Nous aurons le privilège d'être témoins de l'engagement de Jean-Louis qui veut faire sa part, aider les choses à changer pour le mieux, pour plus de justice et de paix et qui par ce geste se donne entièrement, ce qu'il fait mais surtout ce qu'il est. Jean-Louis veut être un agent de la joie dans le monde : mais pas une joie superficielle! La joie de ceux et celles qui donnent d'eux-mêmes parce qu'ils ont été saisis par l'amour de Dieu dans leur vie.
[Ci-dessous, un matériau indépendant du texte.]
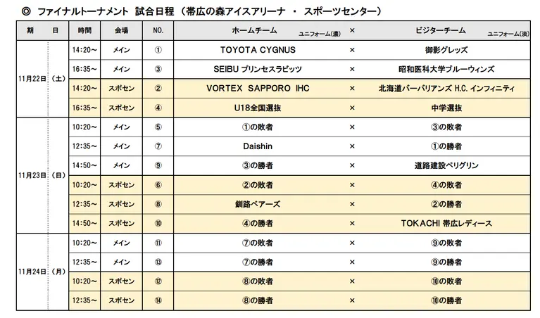 スポーツ 【女子アイスホッケー】第14回女子日本アイスホッケーリーグ(ファイナル) 開催日: 2025年11月22日(土) 〜 2025年11月24日(月) シェアする 開催日 2025年11月22日(土) 〜 2025年11月24日(月) 時間 10:00〜 会場 帯広の森アイスアリーナ、帯広の森スポーツセンター 料金 無料 主催 (公財)日本アイスホッケー連盟 イベント情報の詳細はこちら イベントカレンダーへ
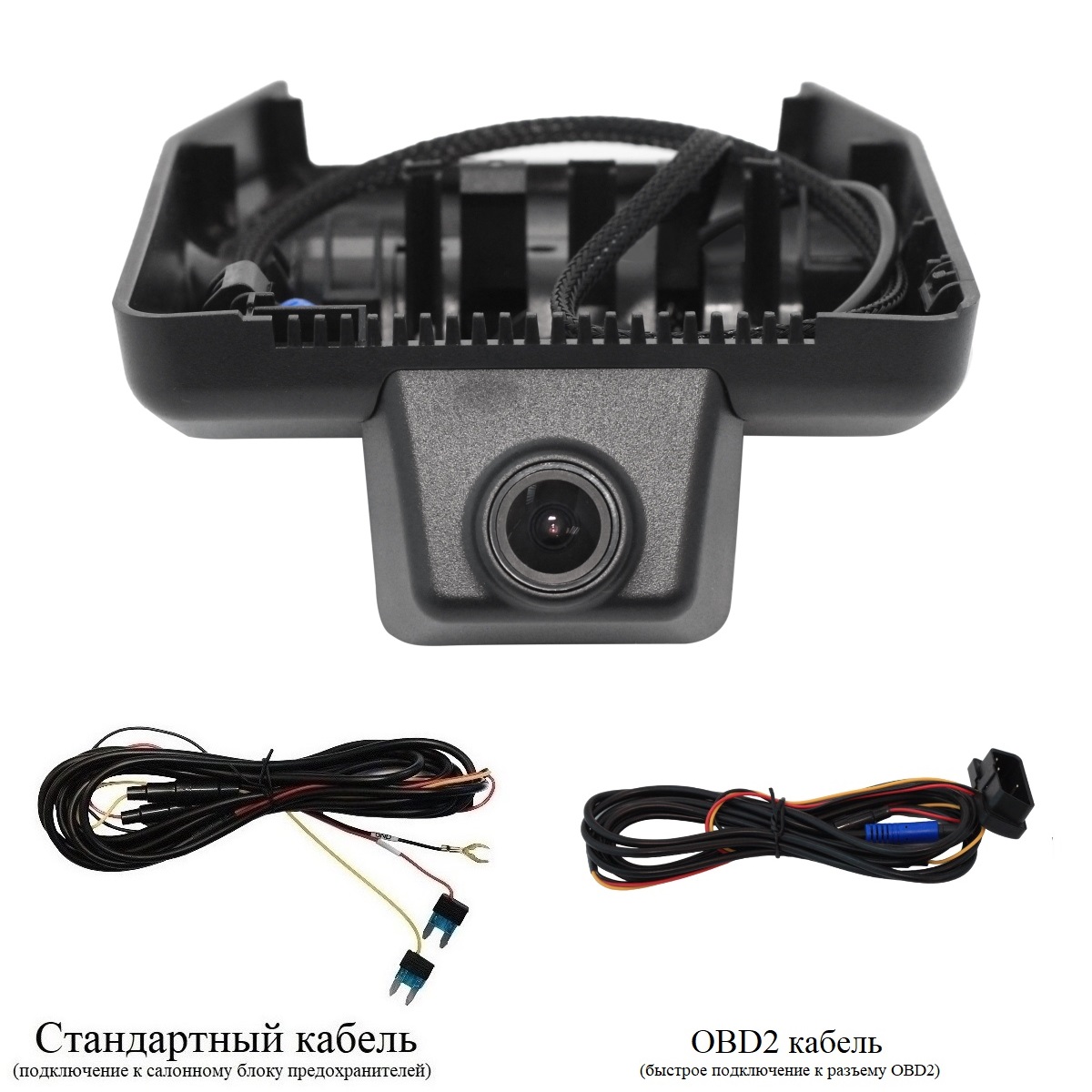 - Провод питания (два варианта подключения питания: стандартный кабель и кабель типа папа-мама к оригинальной проводке плафона освещения салона)
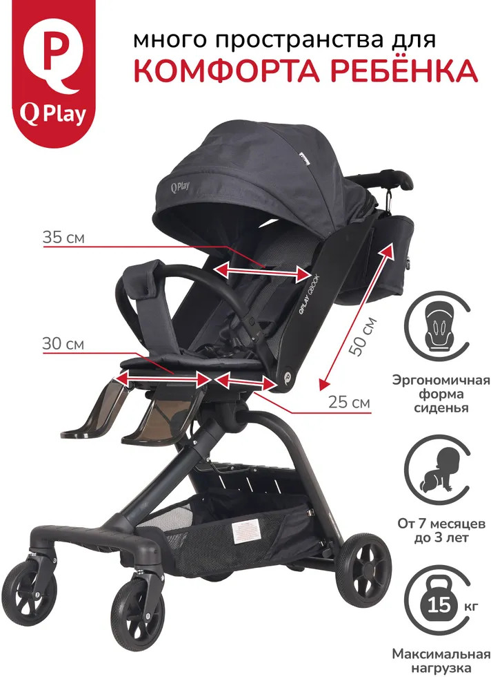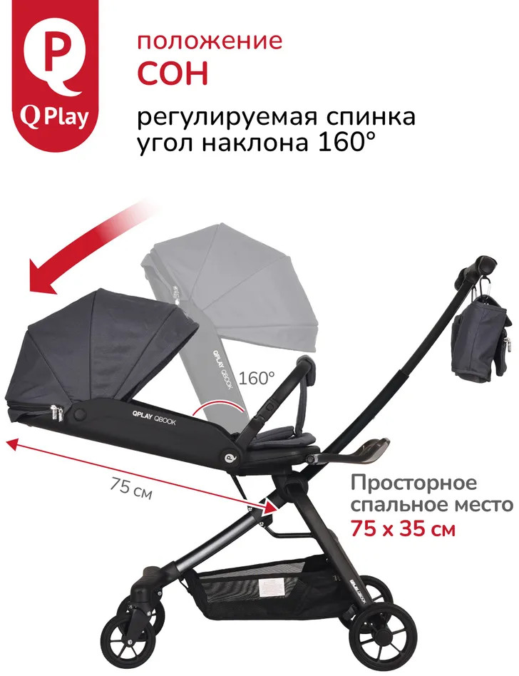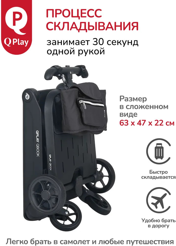 Детская складная коляска премиум-класса «Qbook» 360° от всемирно известной немецкой ТМ Qplay сочетает современный дизайн, многофункциональность и повышенный комфорт во время использования. Коляска произведена по стандартам EN1888-1 из современных материалов, что гарантирует высокую надёжность и полную безопасность для ребёнка. Благодаря поворотному сиденью, малыш может совершать прогулку не только глядя вперёд, но и лицом к родителю. Многопозиционная откидывающаяся спинка обеспечивает детям максимальный комфорт. Диапазон регулировки спинки 50° до положения «сон» (угол наклона 160°). Коляска «Qbook» с компактной складной рамой после складывания превращается в чемодан, что очень удобно для хранения и транспортировки. Ее можно поместить в багажник и отправиться с ребёнком в торговый центр и на прогулку или взять с собой в самолёт. Размер в сложенном виде всего 63×47×22 см.
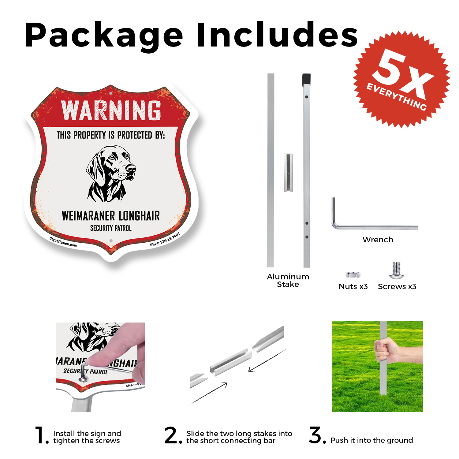 как выглядит Warning Property Protected by Weimaraner Longhair Made i Shield Sign With Stake фото

Ce chemin du don de soi, en plus de créer de la joie et du bonheur autour de nous, est un chemin de bonheur pour celui ou celle qui se donne, un chemin de libération, une voie royale d'amour véritable.
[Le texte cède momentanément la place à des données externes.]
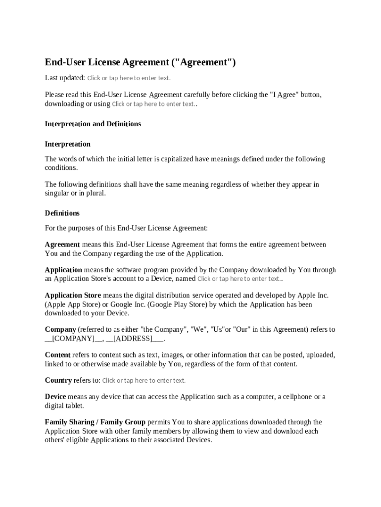 Get the free EULA - End User License Agreement template
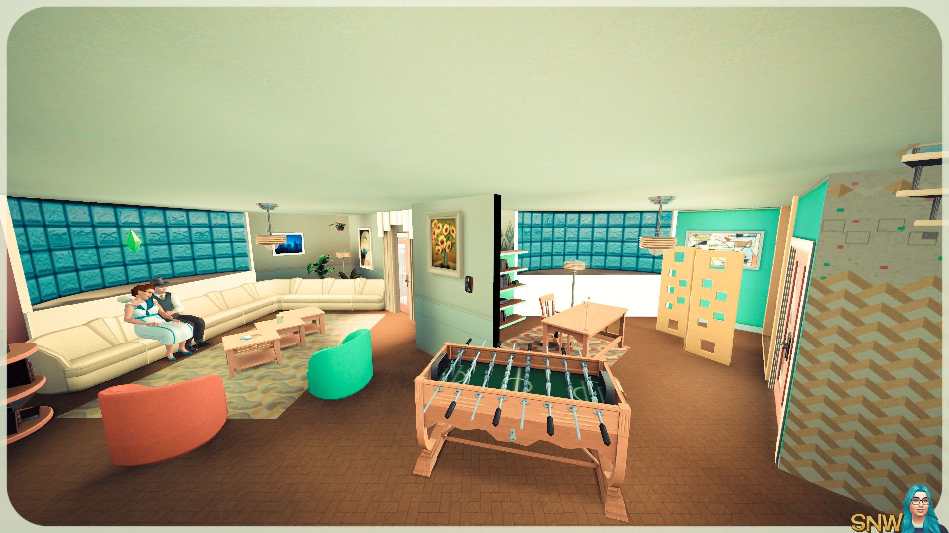 Upstairs you'll find a small bathroom, one master bedroom, one large single Sim bedroom (for kids or teens), and finally a nursery. There's pink wallpaper now, but you can easily change that into something else if you don't like the pink! The hallway and the nursery both have access to balconies!

C'est le chemin que saint Ignace, le fondateur de la Compagnie de Jésus, a indiqué aux jésuites : aimer pour changer le monde comme Jésus l'a fait.

Dans toutes sortes de domaines, selon les talents de chacun. Aimer et servir, voilà qu'elle a été la manière de vivre d'Ignace de Loyola, voilà ce à quoi il a appelé les jésuites; voilà ce à quoi tous les chrétiens et chrétiennes sont appelés.

Dans l'eucharistie aujourd'hui, nous venons chercher des forces pour nourrir notre espérance et notre patience; des forces pour nous engager à notre tour à être des témoins de la vraie joie, cette joie qui découle du don de soi et de notre amour pour les autres, un amour qui reflète l'amour que Dieu a pour tous sans exception.